A big help in countering such prejudice is an online journal I hadn’t heard of until this week: the Journal of Articles in Support of the Null Hypothesis. As the name suggests, it publishes researchers’ reports that they fought the null and the null won, saving those papers from the file drawer and waste basket. Journals (and journalism even more) offer mostly a dance of research success (“they tried it, and, lo, it worked!”). This place is a haven for failure’s dull unwelcome (but so necessary!) song.
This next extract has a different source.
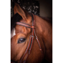 La elegancia y la sobriedad de nuestra brida US. Sin florituras, este modelo va directamente a lo esencial con su bonita piel color avellana. Los cómodos refuerzos acolchados contrastan bajo la cabezada, la frontalera y la muserola, combinados con una muserola desmontable. Limitan la presión ejercida sobre el hocico y la nuca. La brida US Noisette se vende sola, sin riendas, a elegir entre el modelo trenzado y el modelo de caucho.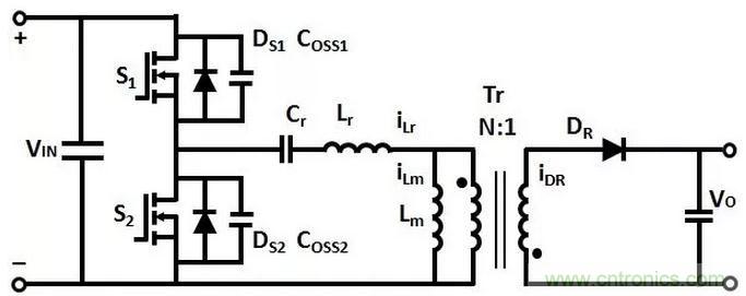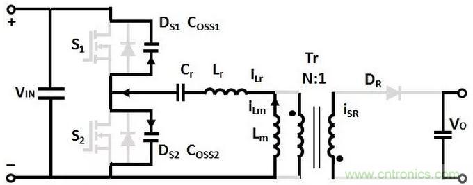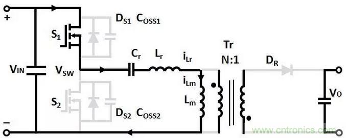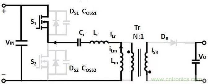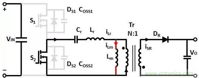 T1時(shí)刻,S1關(guān)斷,(Coss1+Coss2)和(Lr+Lm)諧振,Coss1充電,Coss2放電,直到T2時(shí)刻,Coss1的電壓充電到VIN,Coss2的電壓放電到0。

Perusing the journal’s back issues, I see it’s my empirical duty (this really is not fun) to revisit some research I posted about here: Experiments that showed people who feel bad about their moral status are more eager to wash physically; and, conversely, that people, when asked to help out a stranger, were more likely to do so if they had not had a chance to wash first. This “Macbeth effect” suggests that moral and physical cleanliness are associated in an alarming way: Feeling good about the one seemed to incline people to give themselves a pass about the other.
Intriguing idea, which makes sense to me (and which aligns with a number of other studies performed elsewhere). But in a paper last year in the JASNH, (findable here or pdf here) four psychologists, in two separate projects, who tried to replicate “Macbeth effect” experiments report that they could not do it. They were not, they’re careful to say, doing exactly the same thing as the Macbeth authors, Chen-Bo Zhong and Katie Liljenquist. On the other hand, they used more people than the original studies, which is generally seen as a good way to avoid accidental effects.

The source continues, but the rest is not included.